▶ _THE PROBLEM_
In the data below, find the line with "[31 กรกฎาคม 2568]" and output it along with every later line, exactly, but not the pictures.

==== MATERIAL FOR THIS TASK ====

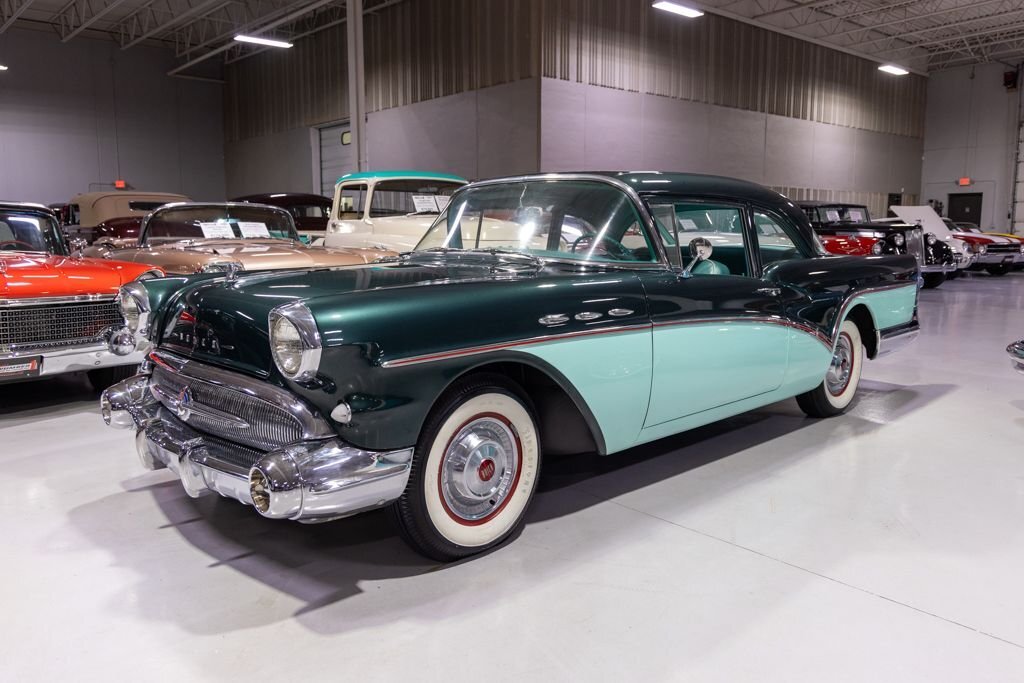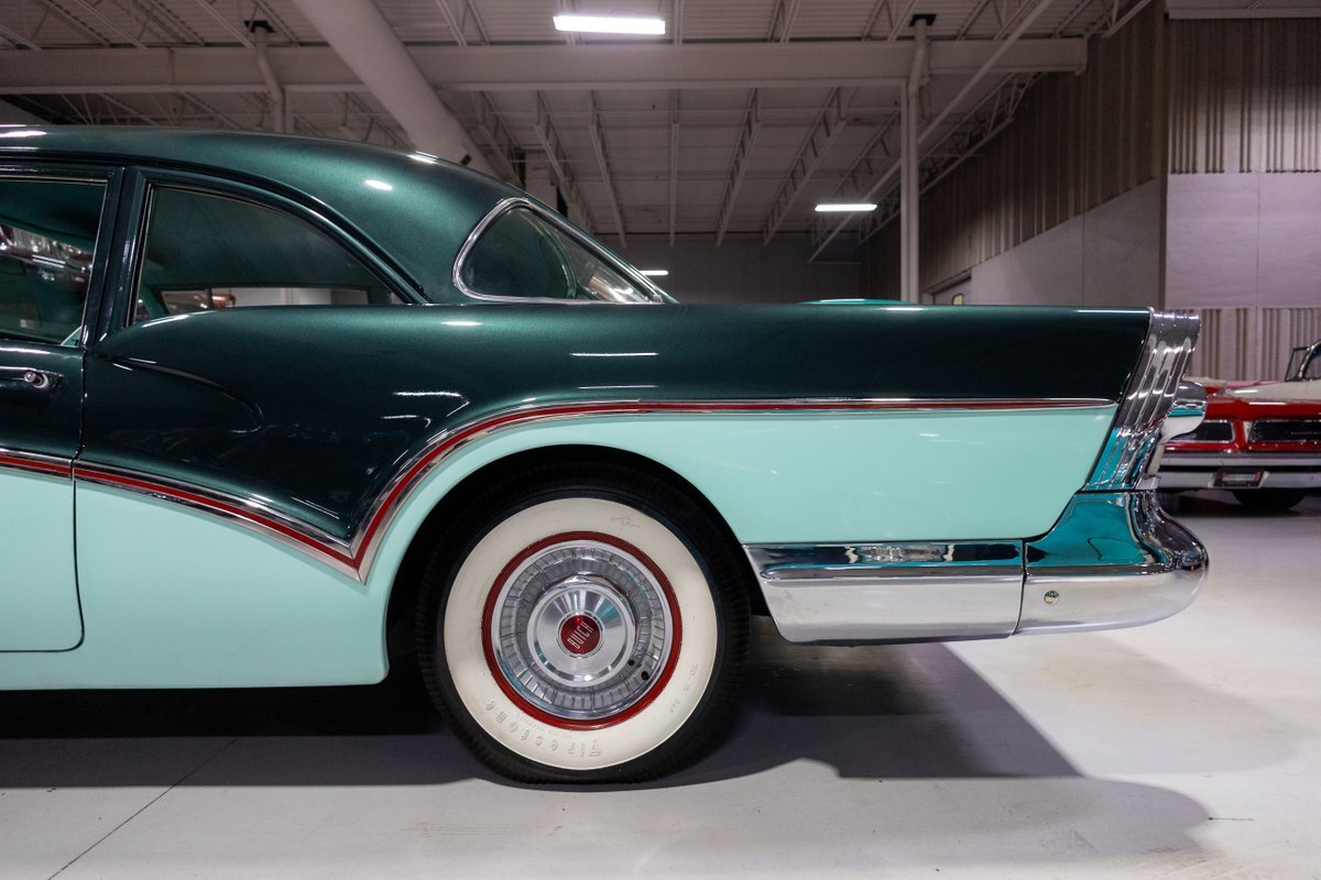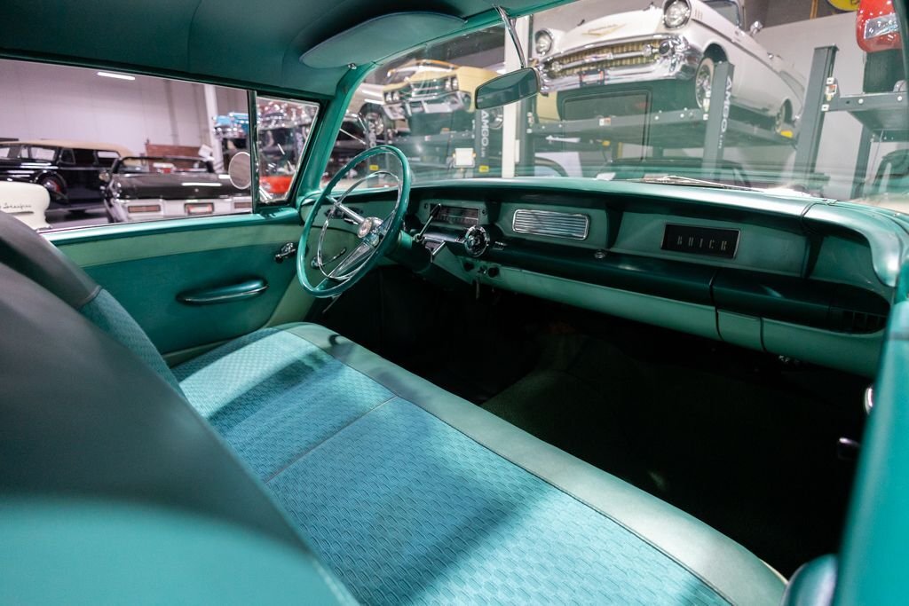 This 1957 Buick Special is a charming 50s cruiser that would make a great entry-level classic car. To much surprise, Buick seemed to take a step back in terms of its sale in 1957. In fact, the GM marque saw a nearly 25% decline in sales and dropped to 4th place among America's automakers, replaced by Plymouth. The reason for Buick's decline in 1957 is a bit of a mystery and it certainly wasn't for Buick's lack of effort. When the 1957 Buicks debuted, there were absolutely gorgeous and sported completely redesigned bodies that were lower and wider which gave them a much more modern look. Up front, the grilles and front bumpers sported a completely new look, with the grilles featuring a thin vertical bar design capped off with a Buick emblem. Down the sides, a red-filled chrome sweepspear ran nearly the entire length of the car and, like virtually all post-war Buicks, the front fenders were trimmed with the iconic Buick ventiports. At the tail, the taillights were completely redesigned with prominent chrome trim as was the rear bumper which housed the partially hidden fuel filler door. The interiors were also considerably updated by Buick in 1957. The instrument cluster was completely enclosed into a modern-looking single unit that was mounted between a pair of large circles that housed the lights and wiper knobs. The rest of the dash had an entirely new profile that looked almost space-age. In addition to Buick's brand-new style in 1957, both inside and out, Buick also rolled out a brand-new engine across its entire passenger car lineup, the 364 "Nailhead", an architecture that would be used by Buick for nearly the decade that followed. In total, Buick produced 23,180 Special 2 door Sedans which explains why you don't see many of them at the local car shows or cruising down the road. Under the hood on this Buick Special is a Numbers Matching 364 Cubic Inch "Nailhead" V8 fed by a single 2 barrel carburetor that together were said to have created 250 horsepower when new. The 364 Nailhead V8 is backed by a Dynaflow Automatic transmission which was a $220 option back in 1957 and makes this 50s Buick an easy car for just about anybody to drive. A driver's side chrome outside mirror is a welcome addition to this '57 Buick Special since it makes squeezing in and out of a tight parking space much easier. Riding on a set of wide whitewall bias-ply tires mounted on red painted steel rims and accented with full Buick wheelcovers, this Series 40 Special has a fantastic look while parked or while cruising down the road. The exterior of this 1957 Special has been refinished in a gorgeous two-tone paint scheme consisting of a Kearney Green over Mint Green, with red accents, completing the exterior look of the car. The interior on this 1957 Buick Special 2 door sedan is charming! The front and rear bench seats are correctly upholstered in two-tone green vinyl with cloth inserts. The green carpeting, door panels, painted dash, and steering wheel have a fantastic stock look and appear to retain a nice stock look. The instrument cluster is outfitted with a a 120 MPH ribbon-style speedometer, temperature gauge, oil pressure gauge, amp gauge, and gasoline gauge. The dash is completed with the heater/defroster and lighting controls, along with a locking glove box. Whether you're buying your very first classic car or you're adding to an exisiting collection, this 1957 Buick Special would make an excellent choice. Give Ellingson's a call today at763-428-7337!
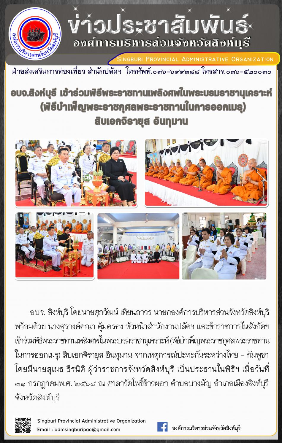อบจ.สิงห์บุรี เข้าร่วมพิธีพระราชทานเพลิงศพในพระบรมราชานุเคราะห์ (พิธีบำเพ็ญพระราชกุศลพระราชทานในการออกพระเมรุ) สิบเอกจิรายุส อินทุมาน [31 กรกฎาคม 2568]
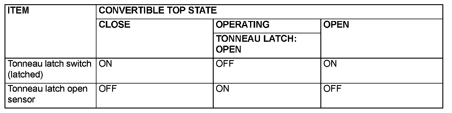 The convertible top control module judges the tonneau latch state based on the signals from the right and left tonneau latch switches (Latched) and the tonneau latch open sensor provided on the tonneau latch cylinder. The tonneau latch open sensor and tonneau latch switch (Latched) output the following signals to the convertible top control module according to the tonneau latch state.
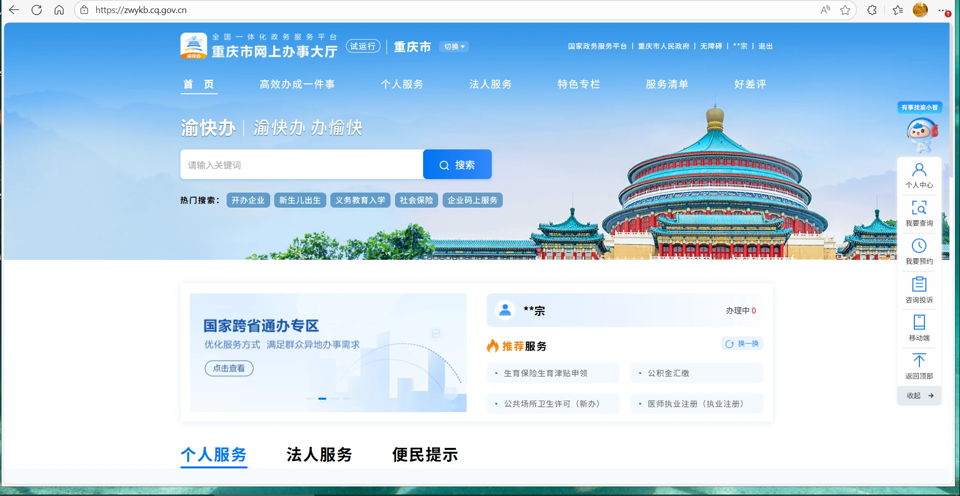 第一步:电脑打开重庆渝快办或者手机下载渝快办并登录上自己的账号
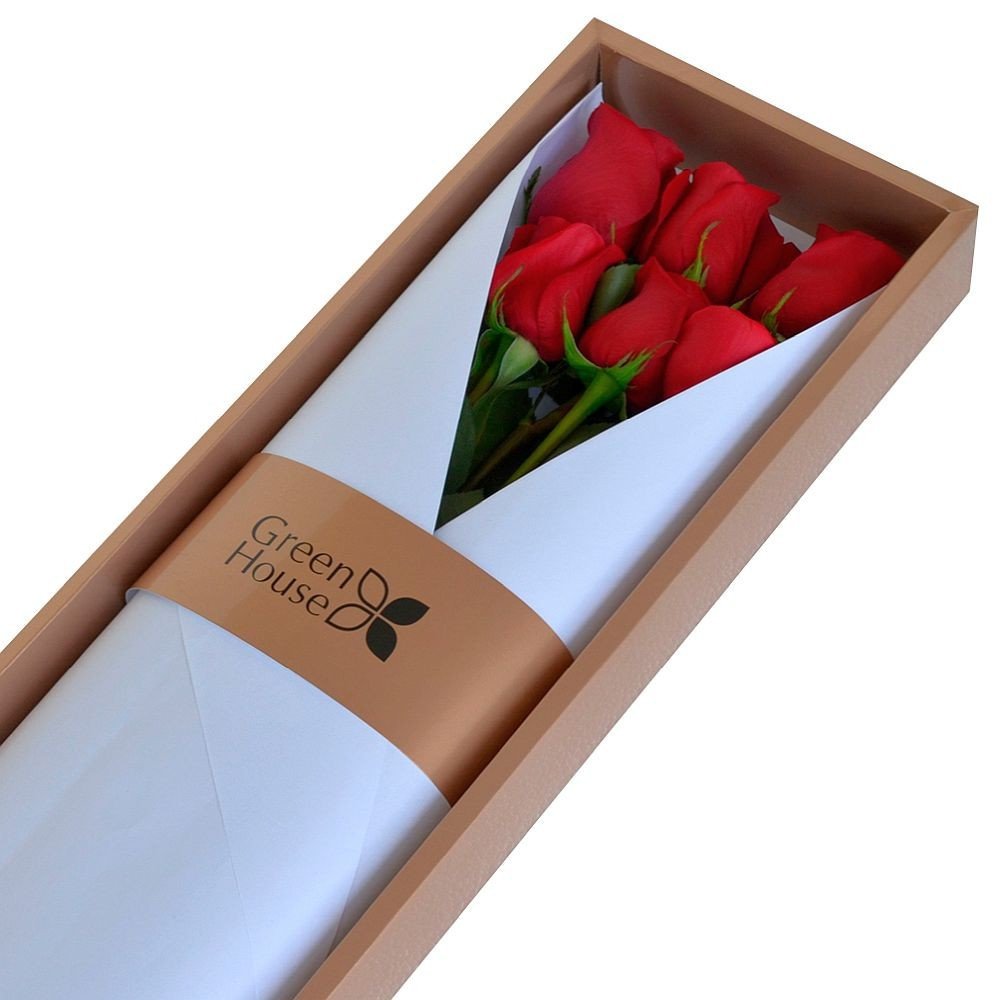 6 rosas en exclusiva caja Glam Gold con tapa de mica transparente. 65 cm. Largo. Color de las rosas según elección.

====

▶ _SOLVED PROBLEM_
อบจ.สิงห์บุรี เข้าร่วมพิธีพระราชทานเพลิงศพในพระบรมราชานุเคราะห์ (พิธีบำเพ็ญพระราชกุศลพระราชทานในการออกพระเมรุ) สิบเอกจิรายุส อินทุมาน [31 กรกฎาคม 2568]
 The convertible top control module judges the tonneau latch state based on the signals from the right and left tonneau latch switches (Latched) and the tonneau latch open sensor provided on the tonneau latch cylinder. The tonneau latch open sensor and tonneau latch switch (Latched) output the following signals to the convertible top control module according to the tonneau latch state.
 第一步:电脑打开重庆渝快办或者手机下载渝快办并登录上自己的账号
 6 rosas en exclusiva caja Glam Gold con tapa de mica transparente. 65 cm. Largo. Color de las rosas según elección.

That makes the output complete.